DATA BLOCK >>
________________

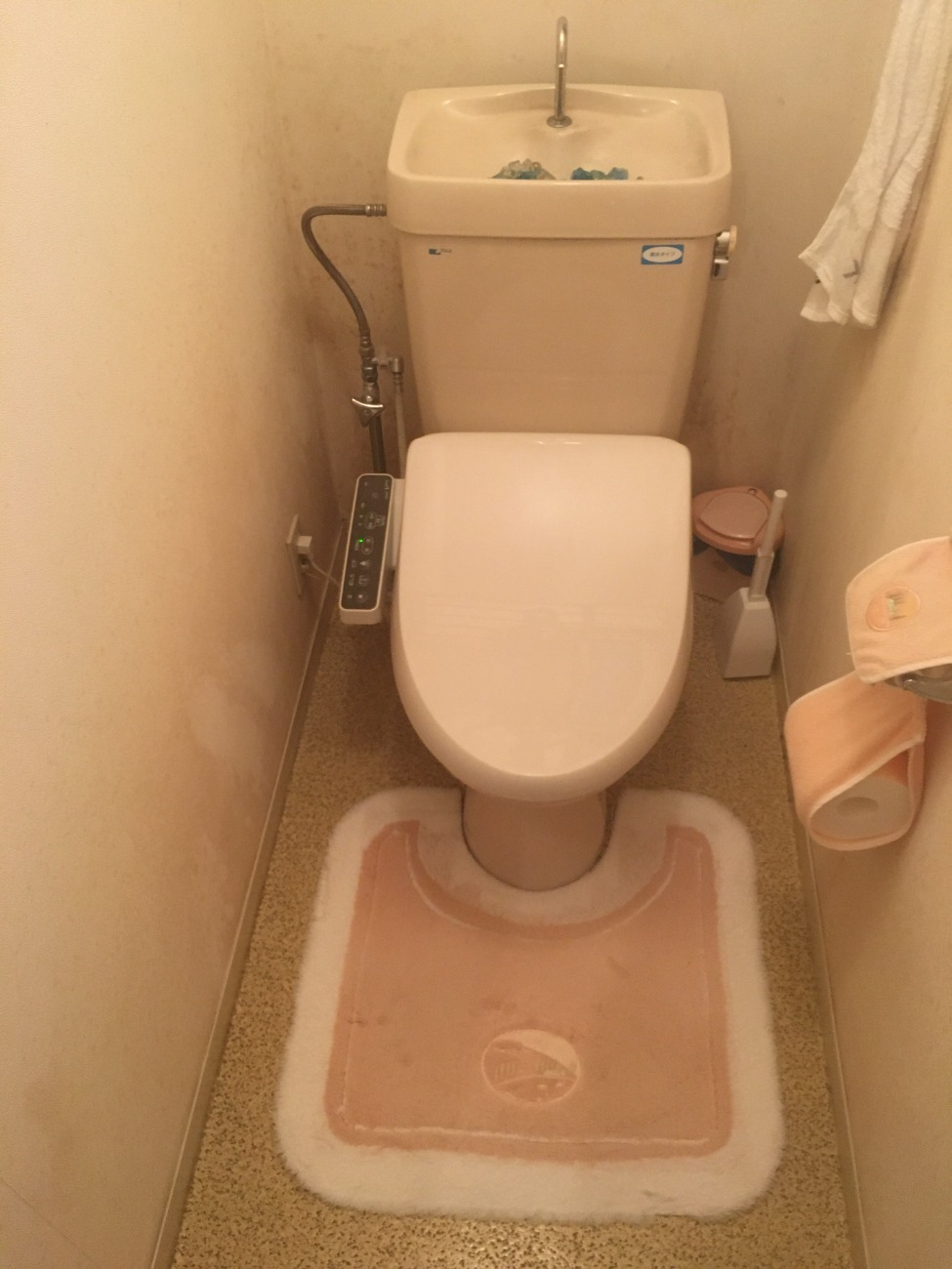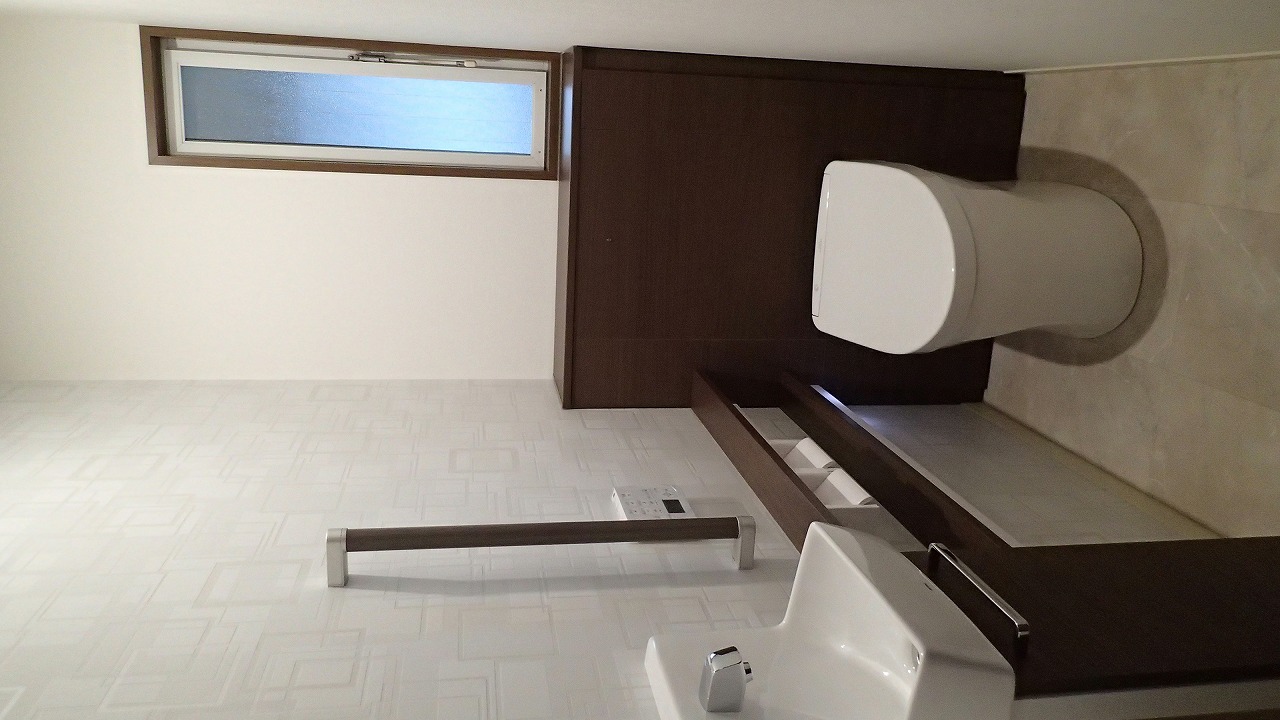 | 仕様 | システムトイレ TOTO レストパルL型まるごと収納タイプ 内装工事 サンゲツ 壁天井クロス、床クッションフロアー貼替 |
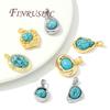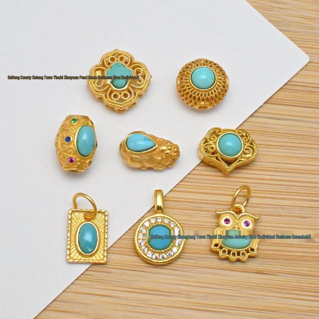S925 Sterling Silver Gold-Inlaid Raw Turquoise Pendant Spacer Beads
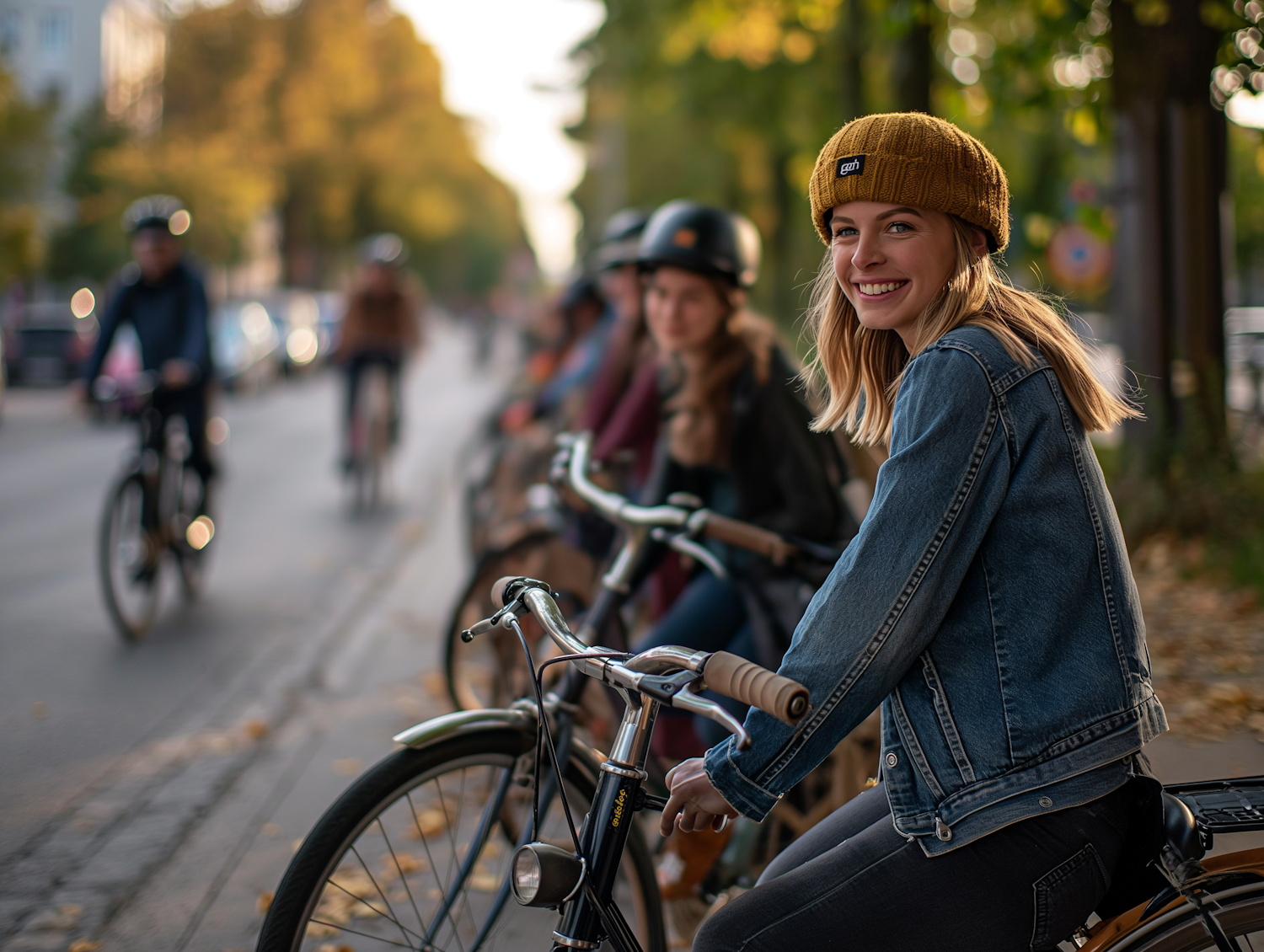 Smiling woman in a yellow beanie rides a bike on a sunny street, surrounded by fellow cyclists in a warm, golden light.

________________

TASK DESCRIPTION >> The output has to match the data above line for line, except that pictures are dropped.

RESULT OF THE TASK >>
 | 仕様 | システムトイレ TOTO レストパルL型まるごと収納タイプ 内装工事 サンゲツ 壁天井クロス、床クッションフロアー貼替 |
S925 Sterling Silver Gold-Inlaid Raw Turquoise Pendant Spacer Beads
 Smiling woman in a yellow beanie rides a bike on a sunny street, surrounded by fellow cyclists in a warm, golden light.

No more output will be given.